Saturday, November 16, 2013
I was sitting in my recliner this morning reading the scriptures. As I sat contemplating the words I was reading I was struck by the story of Enos. This has always been my most favorite book in the Book in the Book of Mormon, but it hit me in a completely different way today. It hit me so hard, because I am now the person that has returned. I am now the person that changed my life, and accepted God once again. Love was what brought me back to the church.
During my youth I was very active in the church. I loved Primary, and learning about Jesus. I love singing the primary songs, learning the articles of faith, and saying my prayers. I loved knowing that Jesus loved me, and I loved him. I found extreme comfort in knowing that I was loved.
As a teenager I was very overweight. As you can imagine, I was bullied pretty badly in school. I felt alone, lost, depressed, and fragile. When I was 14 and left the church, I felt like God didn't care about me anymore. I knew he heard my prayers, because I never stopped praying. I just assumed that he didn't love me enough to listen. I mean, if no one else on this earth could love me because I was fat, how on earth could God love me? I felt completely and utterly alone. That was when I turned my back on Heavenly Father, and the church.

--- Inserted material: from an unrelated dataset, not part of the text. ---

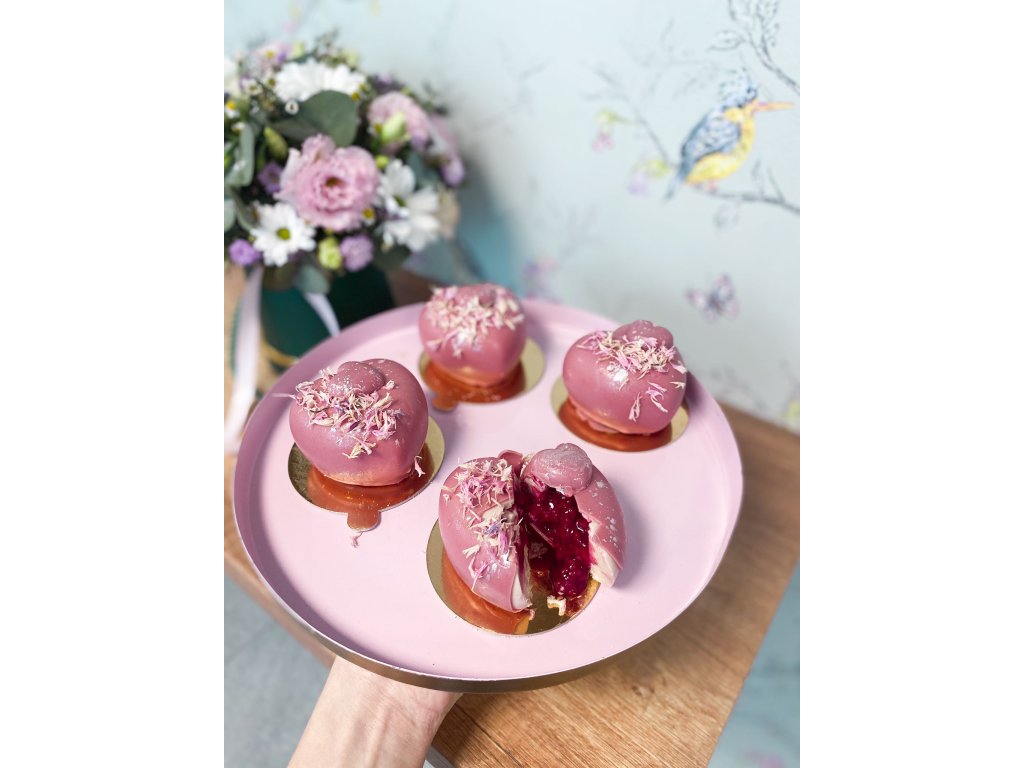 V srdci najdete lehký mousse z ruby čokolády a vklad z malin, celé obalené v ruby čokoládě.

From the age of 14 to 24 I said many terrible things about the church, the people who were a part of the church, and the lifestyle of members of the church. I bashed them any chance I got. I still knew that the church was true deep down, but I was trying so hard to disprove everything that it stood for. After all, these people that had been so mean to me, and bullied me because of my weight were all members of the church. If that's how members of the church treat one of their own, than this church absolutely wasn't for me. Not only was it not for me, but it couldn't be true. People of the God I believed in didn't act like this. They were supposed to love one another. Members of the church didn't love one another, and they definitely didn't love me.

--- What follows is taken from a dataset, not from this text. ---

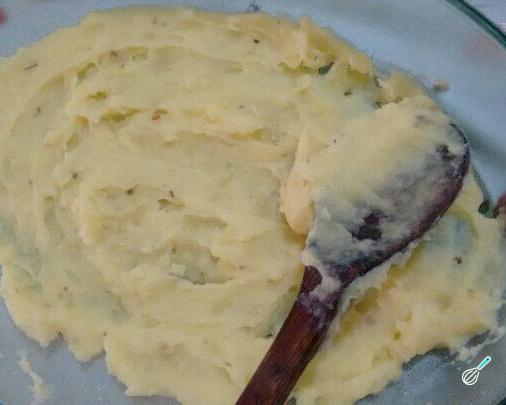 Descasque as batatas e amasse-as com a ajuda de um garfo. Em uma panela coloque a margarina e, quando derreter, acrescente as batatas e o leite, mexa bem. Tempere o purê com orégano, pimenta calabresa, cúrcuma e sal.

I'll never forget a time when I was 19 years old. I was taking the missionary discussions in my search for truth. I remember going into these discussions believing that I could disprove everything they were going to tell me. An amazing thing happened though. As they shared the Gospel with me, (I still thought the story was crazy) it wasn't the story that got to me, it was the love they had for me. Here I sat, this big overweight girl, and they didn't even care. All they cared about was making me feel loved and teaching me that my Father in Heaven loved me. I don't remember the stories, or the discussions, but I remember their love. That was the 1st time in years that I thought of members of this church to be people of God. It was the start of the opening of my heart so many years later. I wish I could thank those missionaries today.
As I went about my life, searching out every religion possible, and pushing out members of the church, I came across a boy that seemed to just care about me. He didn't care what I had done in my past, and he didn't care about what I was doing then. He just wanted to be my friend. As I got to know this boy better, I saw a light about him. There was something different about him, and I wanted to know what that was. I wanted to know what made his eyes shine, and his smile bright. I wanted to know what made him who he was.
The first date Dave and I ever had was magical. I couldn't stop starring at him, and I just wanted to be in his presence forever. I wanted to feel of his love and kindness forever. It was an amazing night. It would take 5 months of Dave and I knowing each other before the church was every brought up. I'll never forget hanging out at his house, and looking through his closet (yes I was snooping) when I came across a scrapbook. The best part is that it was a scrapbook his ex girlfriend had made for him. :) That wasn't the point though. As I pulled down this scrapbook and started to look through it, I realized that the boy I was dating was Mormon. Not only was he Mormon, but he had served a mission. This was his missionary scrapbook. I figured out then and there that the light that he had about him was the light of Christ and he got that from his belief in the church. That was the moment I opened my heart to the Gospel.
That night sitting on Dave's bed, looking through that scrapbook changed my life. It started a conversation between the 2 of us about what he believes and what he knows to be true. It started the life that we now have together. I owe everything I have today to that night.
I didn't come back to the church because someone was trying to force me to believe. I came back to the church because a man loved me. He showed me he loved me and cared about me, without ever bringing up the church. He knew I would find out, and that when I was ready we would talk about it; but I came back because of his love.
His love opened the pathway for us to talk about the Gospel, for us to go back to church together, for me to read the Book of Mormon for the first time, and for us to be sealed for all eternity in the temple. It started with love, and it still ends with his love to this day.
I'm so blessed to have Dave in my life. I'm so lucky that he loved me enough to show me that my Father in Heaven loved me. He showed me that people aren't perfect, but that God is. God loves us perfectly, just like our Savior, and Dave showed me that Christlike love. Dave has a love that no one on this earth can understand unless they experience it. I am the luckiest girl in the world that I get to have his love daily.
I'm grateful that love brought me back to this beautiful church. I'm grateful that I understand that the people are not the Church. The LDS Church in itself is perfect, but people are not. The General Authorities are not perfect, but they're all trying. The most important thing we need to remember is to love one another because that is how you will bring your loved ones back to the Gospel of Christ. Love will bring them back.